Pamela Anderson ― Julian Assange’s biggest celebrity advocate ― is doubling down on her defense of the WikiLeaks founder, claiming his critics are scapegoating him for Hillary Clinton’s election loss.
In a Daily Beast op-ed published Thursday, the “Baywatch” actress argued that WikiLeaks’ 2016 release of Democratic National Committee emails did not unfairly alter the presidential race, but merely gave voters new information that may have changed their minds.
“This whole saga of ‘foreign intervention’ is fundamentally absurd, and mainstream opinion painfully misguided,” Anderson wrote. “No one interfered with the right of voters to inform themselves freely, choose their own candidate, and make their vote count — not Julian, not WikiLeaks, and not even the Russians.”
Despite Anderson’s attempt to diminish Russia’s actions during the election, former special counsel Robert Mueller made clear in a public statement Wednesday that “there were multiple, systematic efforts to interfere in our election,” stressing that the “allegation deserves the attention of every American.” Furthermore, in 2018, his office released a sweeping indictment of a dozen Russian military intelligence officials, pointing to Russian hackers as the source of the DNC emails, which were delivered to Wikileaks.

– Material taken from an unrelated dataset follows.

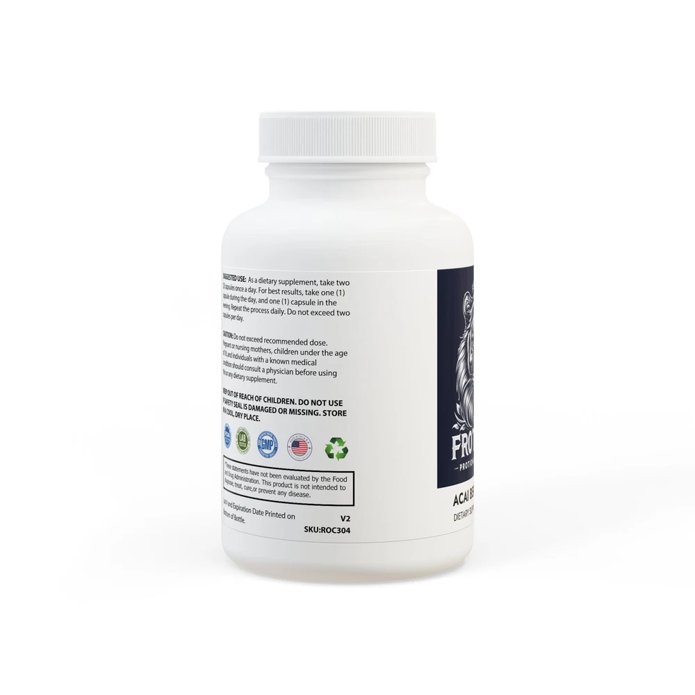 The Acai Berry Complex Supplement supports healthy bowel movements with a blend of key ingredients, including Psyllium Powder, Acai Berry Fruit Extract, Inulin, Slippery Elm Bark, Aloe Ferox Powder 18%, Chlorella, Black Walnut Hulls Powder, Ginger Root, Hyssop Leaf, Papaya Fruit Powder, and Lycopene 5% -- all masterfully balanced in a potent blend that you can easily incorporate in your regimen. Capsuled in the USA with globally sourced ingredients at FDA-registered and GMP-certified facilities, the supplement has undergone third-party laboratory testing. This non-GMO supplement is lactose-free, vegan-friendly, and vegetarian so that you can enjoy its perks with total peace of mind. Ingredients : Psyllium Powder, Acai Berry Fruit Extract, Inulin, Slippery Elm Bark, Aloe Ferox Powder 18%, Chlorella, Black Walnut Hulls Powder, Ginger Root, Hyssop Leaf, Papaya Fruit Powder, and Lycopene 5%. Inactive Ingredients : Cellulose (Vegetable Capsule), Vegetable Magnesium Stearate. Contains : Tree Nuts Please note : Relevant product and manufacturing certificates can be found in downloadable assets after you start designing Please note : This product is shipped only to the United States and their territories Please note: This product is not eligible for publishing on Etsy, Amazon, and TikTok Shop US. More info here . .: Capsuled in the USA with globally sourced ingredients .: Capsuled at FDA-Registered and GMP-Certified Facilities .: 3rd Party Laboratory Tested .: Non-GMO .: Vegan Friendly .: Vegetarian .: Lactose Free .: Design printed on a sticker label .: Please note: This product is shipped only to the United States and their territories .: Please note: This product is not eligible for publishing on Etsy, Amazon, and TikTok Shop US.

On that matter, Anderson told those who “believe the culprits were Russian hackers” to “sort it out with the Kremlin, but keep your hands off our freedom of the press!”
“So now you can sulk and whine all you want, but please don’t blame Julian for your own defeat,” she added. “If you and your lot have lost the trust of your people because they’ve learned the truth about you, well then perhaps you should stop in your tracks and think.”
Less than two weeks ago, a northern Virginia federal grand jury indicted Assange on 17 counts of espionage involving his work with Chelsea Manning, a former U.S. Army analyst who is currently being held in Virginia’s Alexandria Detention Center for refusing to testify in a grand jury’s investigation of WikiLeaks.
Assange worked with Manning in 2010 to publish classified information on the Iraq and Afghanistan Wars. That included a 2007 American airstrike in Baghdad that killed civilians and two Reuters journalists.
Critics of Assange’s arrest contend that the charges against him raise serious implications about press freedoms.
Earlier this month, Anderson was the first person to pay Assange a social visit at Belmarsh, a high-security lockup in London where he is serving out a 50-week sentence for jumping bail in an attempt to avoid being extradited to the U.S.
Following her visit, Anderson held a press conference outside the prison, declaring her love for Assange and calling him “an innocent person.”